1️⃣ Handling Sample Imbalance: Resampling, undersampling, oversampling, etc.

2️⃣ Switching to Appropriate Metrics: F1-Score, which considers not only the number of incorrect predictions but also the types of errors.

Confusion Matrix#

Look at the diagonal.
code

import matplotlib.pyplot as plt
import scikitplot as skplt
from sklearn.ensemble import RandomForestClassifier
from sklearn.datasets import load_digits

X, y = load_digits(return_X_y=True)
clf = RandomForestClassifier(n_estimators=5, max_depth=5, random_state=1)
clf.fit(X, y)
clf.score(X, y)
pred = clf.predict(X)

skplt.metrics.plot_confusion_matrix(y, pred, normalize=True)
plt.show()

Binary Classification Diagonal Derived Metrics#

True Positive (TP): Positive samples predicted as positive by the model;
False Positive (FP): Negative samples predicted as positive by the model;
False Negative (FN): Positive samples predicted as negative by the model;
True Negative (TN): Negative samples predicted as negative by the model;
Precision = TP/(TP+FP)
Recall = TP/(TP+FN)
F1 Score = 2*(P * R)/(P+R)

Precision#

Precision =\frac{\mathrm{TP}}{\mathrm{TP}+\mathrm{FP}}

The percentage of samples predicted as 1 that are actually 1.
Case:

When predicting stocks, we care more about precision, meaning among the stocks we predict will rise, how many actually do, because those are the stocks we invest in.
For predicting criminals, we want the predictions to be very accurate; even if some real criminals are let go, we cannot wrongly accuse an innocent person.

code

from sklearn.metrics import precision_score
from sklearn.metrics import accuracy_score

y_true = [0, 0, 0, 1, 1, 1, 1, 1, 1, 1]
y_pred = [0, 0, 0, 0, 0, 0, 0, 0, 1, 1]

# None: Precision for each class (not averaged)
precision_score(y_true, y_pred, average=None)
# [0.375 1.   ] 

# 'macro': Average precision for each class (not weighted)
precision_score(y_true, y_pred, average='macro')
# (0.375 + 1.)/2 = 0.6875

# 'weighted': Weighted average precision based on the number of samples in each class
precision_score(y_true, y_pred, average='weighted')
# 0.375*0.3+1*0.7 = 0.8125

# 'micro': Overall precision for all samples
precision_score(y_true, y_pred, average='micro')
# Equals Accuracy 0.5

accuracy_score(y_true, y_pred) 
# 0.5

Recall#

Recall =\frac{\mathrm{TP}}{\mathrm{TP}+\mathrm{FN}}

The probability of actual 1 samples being recalled by the model, also known as sensitivity.

Case:

If there are 10 earthquakes, we would prefer to issue 1000 alerts to cover all 10 earthquakes (in this case, recall is 100%, precision is 1%), rather than issue 100 alerts where 8 earthquakes are predicted but 2 are missed (in this case, recall is 80%, precision is 8%).
In the context of predicting patients, we focus more on recall, meaning we want to minimize the number of actual patients we incorrectly predict, as failing to detect a real patient can have serious consequences; the previous naive algorithm had a recall of 0.

code

from sklearn.metrics import recall_score
from sklearn.metrics import accuracy_score

y_true = [0, 0, 0, 1, 1, 1, 1, 1, 1, 1]
y_pred = [0, 0, 0, 0, 0, 0, 0, 0, 1, 1]

recall_score(y_true, y_pred, average=None)  
# 3 zeros were recalled, 2 out of 7 ones were recalled [1.         0.28571429]

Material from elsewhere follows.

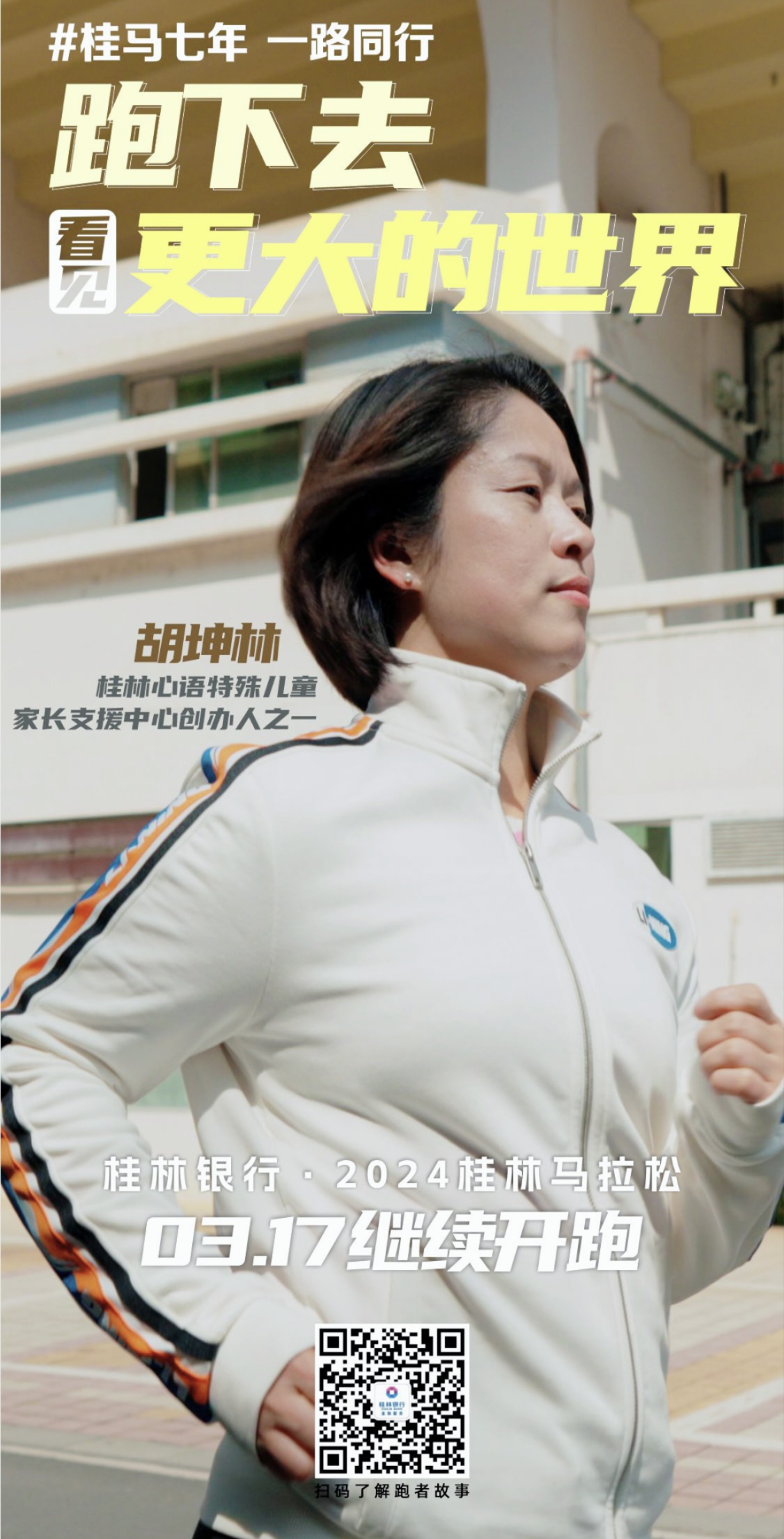 近日,人文学院教师胡坤林荣幸地成为2024年桂林马拉松人物,为桂林马拉松代言,展现了她对公益事业的热心和对体育运动的热爱。胡坤林老师长期在校内外推动公益活动的开展,作为一名党员,她一直以身作则,服务社会,回馈社会。2017年创办的心语特殊家庭支援中心通过分享专业干预知识,举办各种特色文体活动,让中国特殊儿童及其家庭聚在一起互相关怀和鼓励。为他们打开与社会连接的大门,让他们的世界不再孤独。

recall_score(y_true, y_pred, average='macro')  
# (1. + 0.28571429)/2 = 0.6428571428571428

recall_score(y_true, y_pred, average='weighted')  
# 1*0.3+0.28571429*0.7 = 0.5

recall_score(y_true, y_pred, average='micro')  
# Equals Accuracy =0.5
accuracy_score(y_true, y_pred)
# 0.5

Why Precision and Recall are Contradictory#

1️⃣ If you want higher recall, the model needs to cover more samples, but this increases the likelihood of making mistakes, meaning precision will be lower.

2️⃣ If the model is conservative and only detects samples it is very certain about, precision will be high, but recall will be relatively low.

F1 Score#

\frac{1}{F 1}=\frac{1}{2}\left(\frac{1}{\text { precision }}+\frac{1}{\text { recall }}\right)

F 1 =\frac{2}{\frac{1}{precision}+\frac{1}{recall}}

Harmonic Mean#

What is the harmonic mean?

H=\frac{n}{\frac{1}{x_{1}}+\frac{1}{x_{2}}+\ldots+\frac{1}{x_{n}}}

🔴 Because it is calculated based on the reciprocals of the variables, it is also known as the reciprocal mean.

For a journey of 2 kilometers, with a speed of 20 km/h for the first kilometer and 10 km/h for the second kilometer, what is the average speed?

Simple Average:
(20+10)/2 = 15

Time-Weighted Average:

Total time = (1/20 + 1/10) = 0.15

Time for the first kilometer: 1/20=0.05 Weight 33%

Time for the second kilometer: 1/10=0.1 Weight 66%

Average time = 20 * 33% + 10 * 66% = 13.33

Harmonic Mean

Average Speed = \frac{Total Distance}{Total Time}

Average Speed = \frac{2}{\frac{1}{20}+\frac{1}{10}}=13.33

Why Use Harmonic Mean for F1?#

If using simple average, P=0.8, R=0.8 and P=0.7, R=0.9 would both yield an arithmetic average of 0.8, suggesting that precision and recall are interchangeable.
The harmonic mean adds a penalty mechanism: higher values receive lower weights (for example, in the above case, the weight of the speed of 20 is only 33%).
This avoids the situation where one high value and one low value lead to an inflated average when using arithmetic mean. (For instance, if p is 1.0 and r is 0.1, the arithmetic mean would be close to 0.5 while the harmonic mean would be close to 0.2).
The idea behind the F1 score is that an algorithm with balanced precision and recall is more reliable than one that excels in one metric while failing in another.
In summary: Both metrics need to be good for it to be truly good.

code

from sklearn.metrics import f1_score
from sklearn.metrics import accuracy_score

y_true = [0, 0, 0, 1, 1, 1, 1, 1, 1, 1]
y_pred = [0, 0, 0, 0, 0, 0, 0, 0, 1, 1]

f1_score(y_true, y_pred, average=None)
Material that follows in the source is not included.